Pero hay otro nivel en el que el condicionamiento pavloviano resulta apasionante: cuando se lo considera como una forma de inducción. Como se sabe, la ciencia se basa en la observación y la experimentación de algún fenómeno de la naturaleza para llegar, luego de reunir algún número de datos, a una generalización (teoría o ley). Sin embargo, este proceso de inducción (el paso de un número limitado de observaciones a una ley general que se supone válida en todos los casos) no es fácil de justificar filosóficamente.

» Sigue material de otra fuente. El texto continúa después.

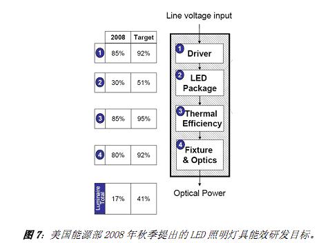 LED 驅(qū)動(dòng)器本身也在不斷演進(jìn), 著重于進(jìn)一步提高能效、 增加功能及功率密度。 美國(guó)“能源之星”的固態(tài)照明規(guī)范提出的是照明器具級(jí)的能效限制,涉及包括功率因數(shù)在內(nèi)的特定產(chǎn)品要求。而歐盟的IEC 61347-2-13 (5/2006)標(biāo)準(zhǔn)針對(duì)采用直流或交流供電的LED模塊的要求包括:

Sin embargo, actualmente algunos filósofos han comenzado a desarrollar una rama de la filosofía conocida como epistemología evolucionista, en la que buscan conectar la reflexión acerca de cómo conocemos el mundo, sobre todo por medio de la ciencia, con el conocimiento que se tiene acerca de la evolución de los seres vivos. Dentro de esta perspectiva, podría sostenerse la hipótesis de que un mecanismo como el condicionameitno pavloviando es una forma uy primitiva de inducción: a partir de sólo una experiencia negativa, el organismo “aprende” a evitar experiencias similares. Es como si con hacer sólo una medición, como pesar una piña, un científico decidiera que todas las piñas pesan un kilo.

De cualquier modo, es interesante pensar que procesos intelectuales como la deducción puedan tener bases biológicas... Parafraseando a Marcelino Cereijido, del cinvestav del ipn, ¿acabará la filosofía siendo una rama de la biología?

Posdata: ya volví a pasar por el lugar del accidente, y no pasó nada.